What is expected ▸ Return every record verbatim, omitting all pictures.
===
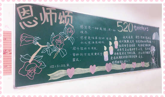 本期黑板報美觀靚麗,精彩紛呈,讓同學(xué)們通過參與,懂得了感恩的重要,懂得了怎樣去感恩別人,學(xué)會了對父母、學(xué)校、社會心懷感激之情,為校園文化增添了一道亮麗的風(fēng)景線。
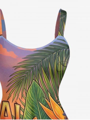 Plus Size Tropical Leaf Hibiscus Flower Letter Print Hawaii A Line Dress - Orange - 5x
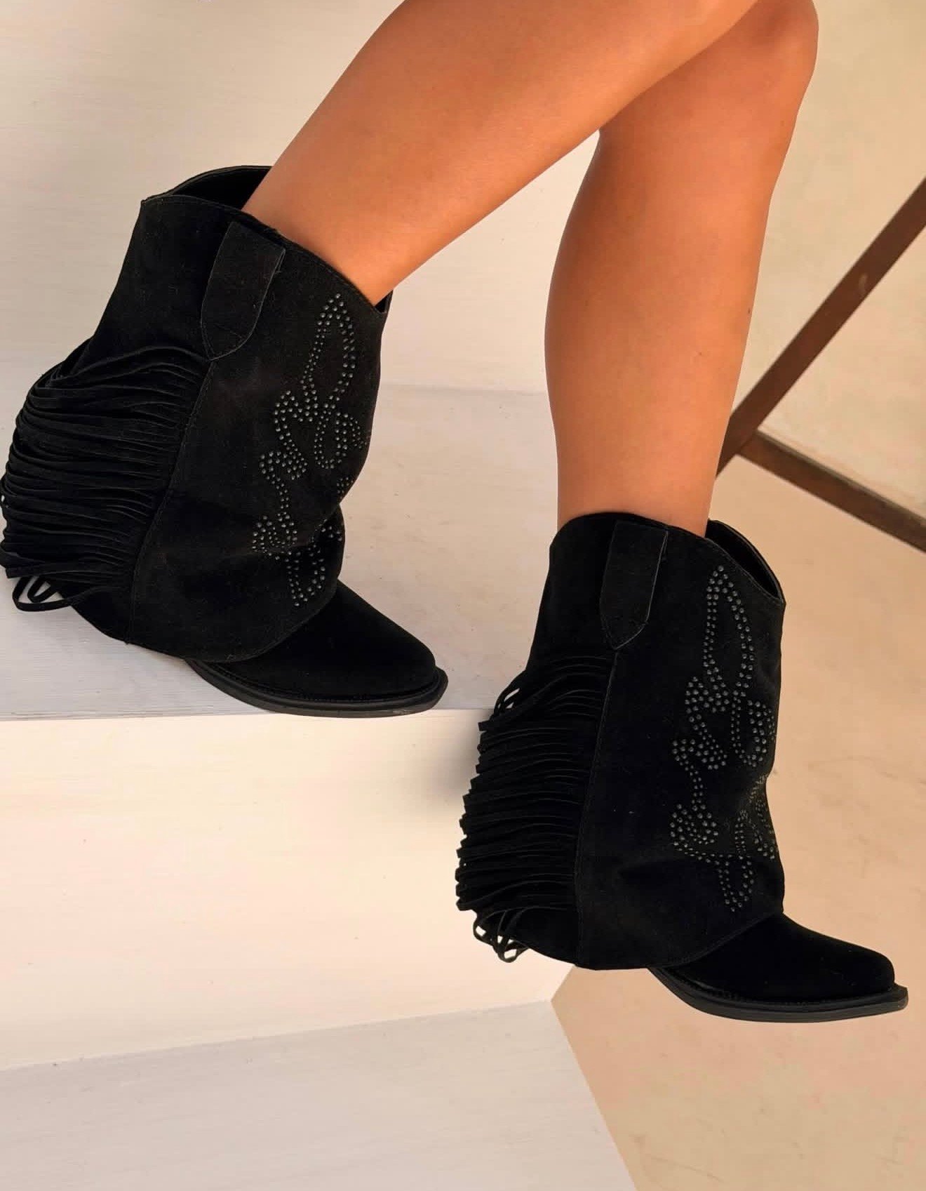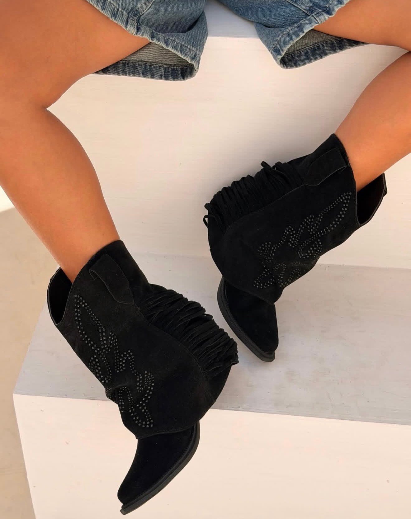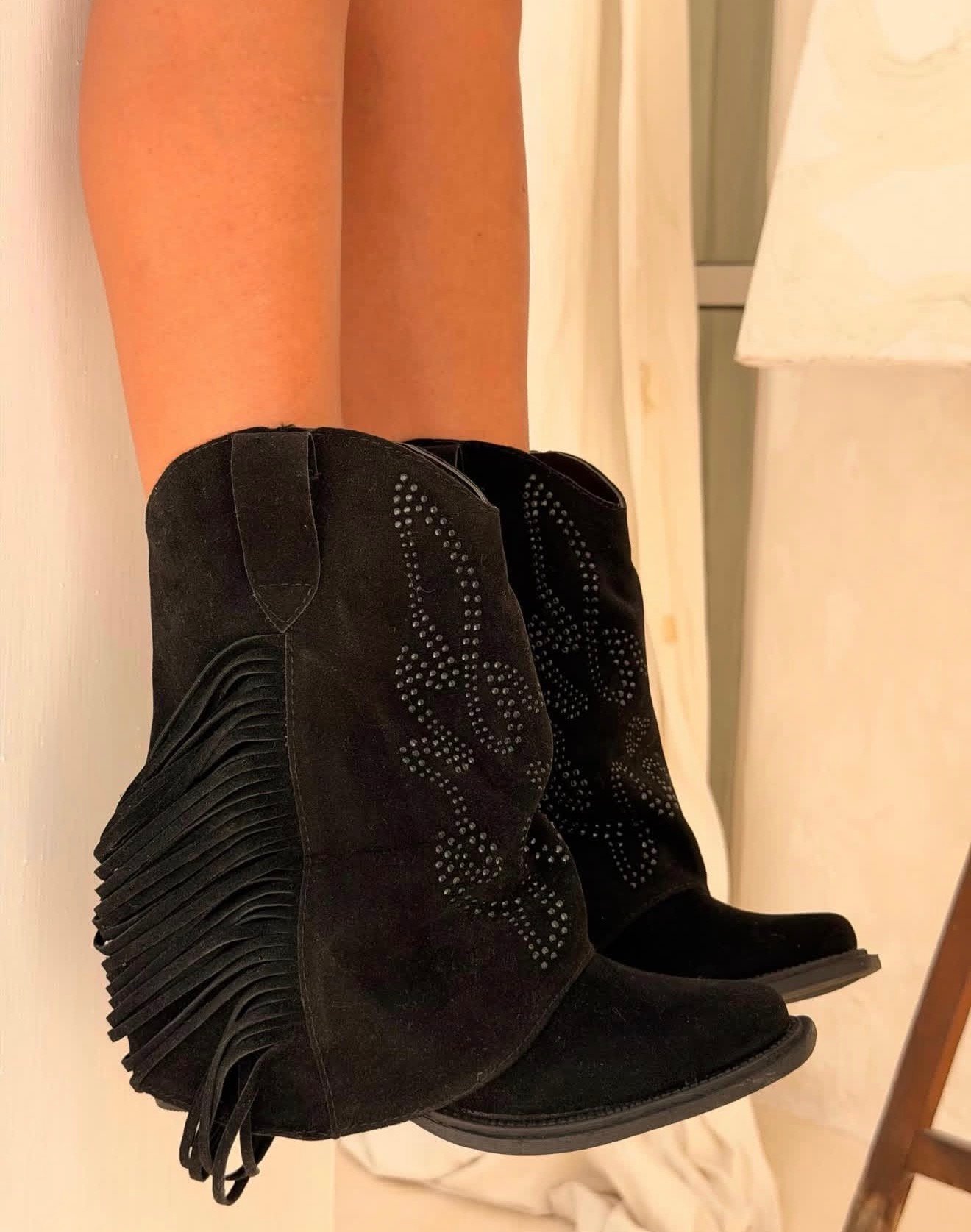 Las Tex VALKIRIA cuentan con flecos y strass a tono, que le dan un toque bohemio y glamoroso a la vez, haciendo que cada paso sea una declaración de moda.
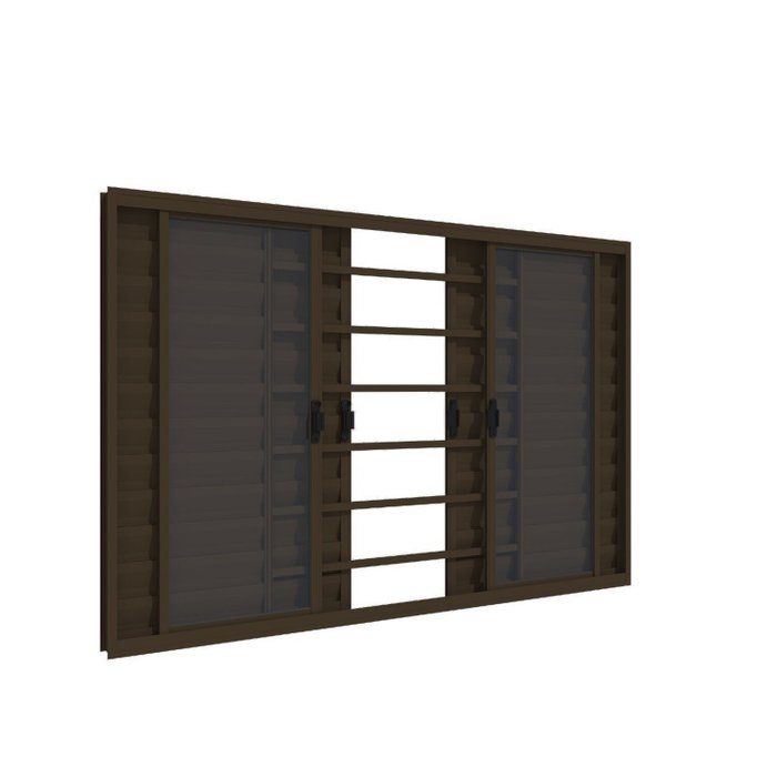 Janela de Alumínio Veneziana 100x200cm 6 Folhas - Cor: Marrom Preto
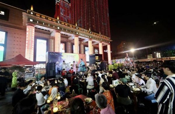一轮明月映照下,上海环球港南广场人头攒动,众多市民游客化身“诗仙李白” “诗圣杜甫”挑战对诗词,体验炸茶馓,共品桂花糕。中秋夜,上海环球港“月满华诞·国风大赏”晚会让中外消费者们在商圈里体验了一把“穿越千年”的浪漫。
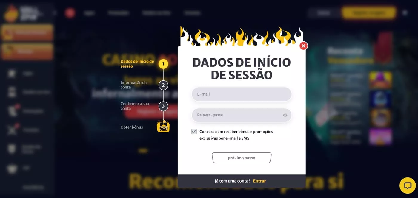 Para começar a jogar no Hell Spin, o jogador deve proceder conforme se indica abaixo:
===
Answer section ▸
 本期黑板報美觀靚麗,精彩紛呈,讓同學(xué)們通過參與,懂得了感恩的重要,懂得了怎樣去感恩別人,學(xué)會了對父母、學(xué)校、社會心懷感激之情,為校園文化增添了一道亮麗的風(fēng)景線。
 Plus Size Tropical Leaf Hibiscus Flower Letter Print Hawaii A Line Dress - Orange - 5x
 Las Tex VALKIRIA cuentan con flecos y strass a tono, que le dan un toque bohemio y glamoroso a la vez, haciendo que cada paso sea una declaración de moda.
 Janela de Alumínio Veneziana 100x200cm 6 Folhas - Cor: Marrom Preto
一轮明月映照下,上海环球港南广场人头攒动,众多市民游客化身“诗仙李白” “诗圣杜甫”挑战对诗词,体验炸茶馓,共品桂花糕。中秋夜,上海环球港“月满华诞·国风大赏”晚会让中外消费者们在商圈里体验了一把“穿越千年”的浪漫。
 Para começar a jogar no Hell Spin, o jogador deve proceder conforme se indica abaixo:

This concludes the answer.